Donovan Bisbee ’12 – The walled city of York in the United Kingdom has a vibrant history which includes Roman occupation, Viking conquest and rule, the War of the Roses, and much more. Upon arriving at the rail station in late January, I was immediately struck by the historic nature of York. My five minute taxi ride to the University passed by an art museum, a theatre, and several pubs.
I have just finished my second week of classes and third week overall at York St. John University, and I find that it takes a bit of time to adjust to such a new and exciting locale. My first week here was spent getting to know the layout of the city and registering for classes. There are nearly 100 international students studying at YSJ this semester, and the international office here has organized different trips and teas (which I am quickly learning are a central part of English social life) for those of us here on an exchange.

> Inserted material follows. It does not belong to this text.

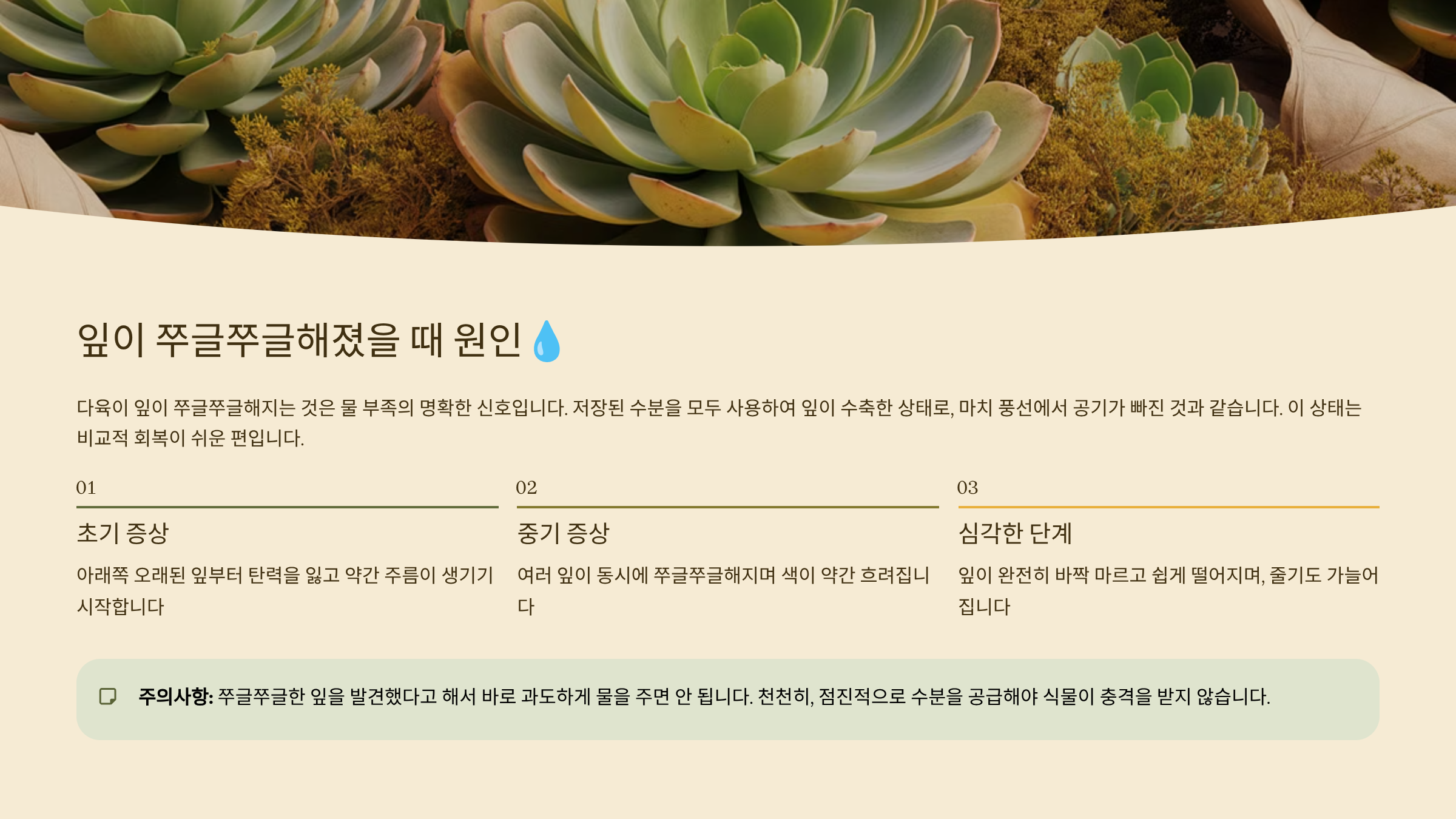 다음으로는 다육이 잎이 축축하고 물러졌을 때, 즉 과습일 때 나타나는 증상을 다뤄볼게요! 💧

At the end of our orientation week we journeyed to Whitby, a small town on the northeastern coast, and spent the better part of a day exploring and appreciating it. Whitby is, among other things, the home of Captain Cook, (whom you’ll recall discovered Australia) the setting of Bram Stoker’s Dracula, and home of Caedmon (arguably the first known poet of Old English). Whitby also boasts the spectacular ruins of Whitby Abbey, originally erected in the 7th century. A stop at one of the multiple chipperies completed the experience.
After that, it was back to York to prepare for classes. I’m taking two theatre classes and one class on American literature. Being a foreigner is an extremely interesting experience (for me this is one of the first extended stays out of the U.S.) Craig O’Connor, who is also studying abroad in the U.K., and I have observed that you can dress as if you’re British, act as if you’re British, and even develop an affinity for baked beans as a breakfast food; however, as soon as you open your mouth, and say more than three words, it’s obvious to any Brit that you’re American.

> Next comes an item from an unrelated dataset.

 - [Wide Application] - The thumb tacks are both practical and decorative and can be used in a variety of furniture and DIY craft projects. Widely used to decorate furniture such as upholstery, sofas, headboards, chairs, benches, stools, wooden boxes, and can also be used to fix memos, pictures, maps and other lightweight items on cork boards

In my American Literature class I became the de facto resource on American culture and society as soon as people found out that I was from the U.S. I’m thoroughly enjoying my time abroad, and I look forward to traveling around the U.K and Europe. So far I’ve really only been to London, Whitby, York, and Grantham; however, I have plans to visit Cambridge, Canterbury, Edinburgh, and other places within the next few months. If I had longer weekends, I’d be tempted to try to walk from the site of the Tabard Inn in Southwark to Canterbury. Unfortunately, I have neither the time nor the tales to pursue such a project. I’m already appreciative of the incredible opportunity this semester will provide, and I look forward to the adventure ahead.
3 comments on ““Welcome to England; you’ll fit right in””

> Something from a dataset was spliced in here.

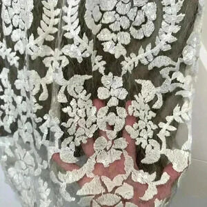 Women’s White Sequin Embroidered Lace Layered Over a Taupe Colored Slip | Round Neck Line | Zip Up Back | Above Th Knee | Formal Sheath Dress

Enjoy your time in England and take the time to see and do as much as you can while there. I had the opportunity to study in England during my junior year at Wabash, and it certainly was a life changing event. Best of luck in your studies. The life lessons that you will learn through living and studying in another country will prove invaluable. Cheers, Brad Rickel ’87
Dear Mr. Hewitt,
I enjoyed your article titled “Welcome to England; you’ll fit right in.” I’m a housewife and prior to that a clerk-secretary. I’m a little intimidated because I’m no where near your peer. But a pen pal had suggested that I read Henry Adam’s book titled “The Education of Henry Adams.” I did so as well as the prequel titled “Mont Saint Michel and Chartres.” Mr. Adams had written other works also. If you have time and if you have not read it already, perhaps “The Education of Henry Adams” would be a grand book to complement your studies in England as well as that of American Literature. England is a prominent subject in the book. If you do not have a hard copy of “The Education of Henry Adams” it is available on the Internet at Project Gutenburg. Best wishes to you. I enjoyed your article.
I heartily commend the scarves. You’re looking European already.